◆ Activity: Output all of the data below without changing a word, and exclude the pictures.

◆ Source material:
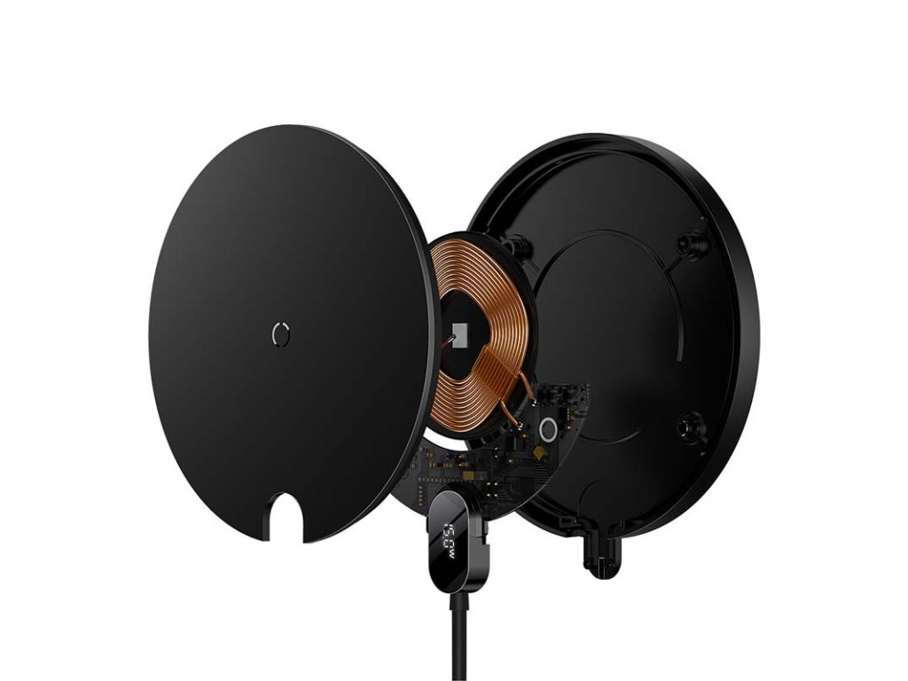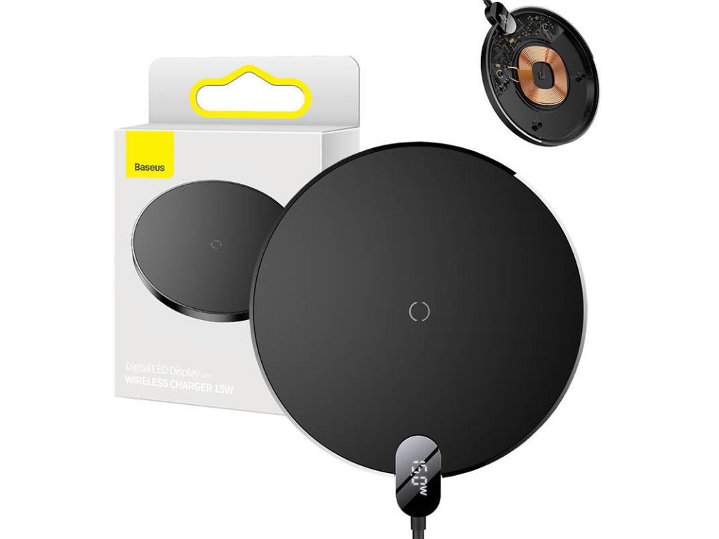 Indukčná bezdrôtová nabíjačka Baseus Digital LED 15W (čierna)
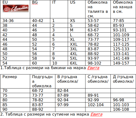 * Молим да обърнете внимание, че артикулите с по-голям размер са с по-високи цени.
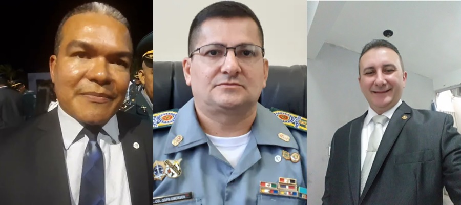 Secretário de Segurança Pública do Maranhão, coronel Sílvio Leite, comandante geral da Polícia Militar, coronel Emerson Bezerra, e o secretário-chefe do Gabinete Militar, coronel Humberto Aldrin.
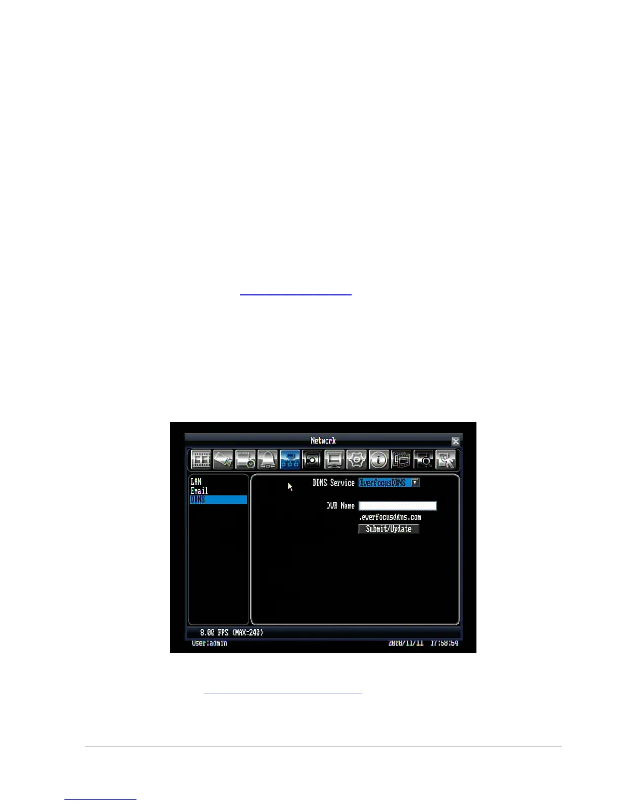 Step 3. In DVR’s Network Menu, go to DDNS. Choose “EverfocusDDNS” for the Server and put in

◆ Solution to the problem:
 Indukčná bezdrôtová nabíjačka Baseus Digital LED 15W (čierna)
 * Молим да обърнете внимание, че артикулите с по-голям размер са с по-високи цени.
 Secretário de Segurança Pública do Maranhão, coronel Sílvio Leite, comandante geral da Polícia Militar, coronel Emerson Bezerra, e o secretário-chefe do Gabinete Militar, coronel Humberto Aldrin.
 Step 3. In DVR’s Network Menu, go to DDNS. Choose “EverfocusDDNS” for the Server and put in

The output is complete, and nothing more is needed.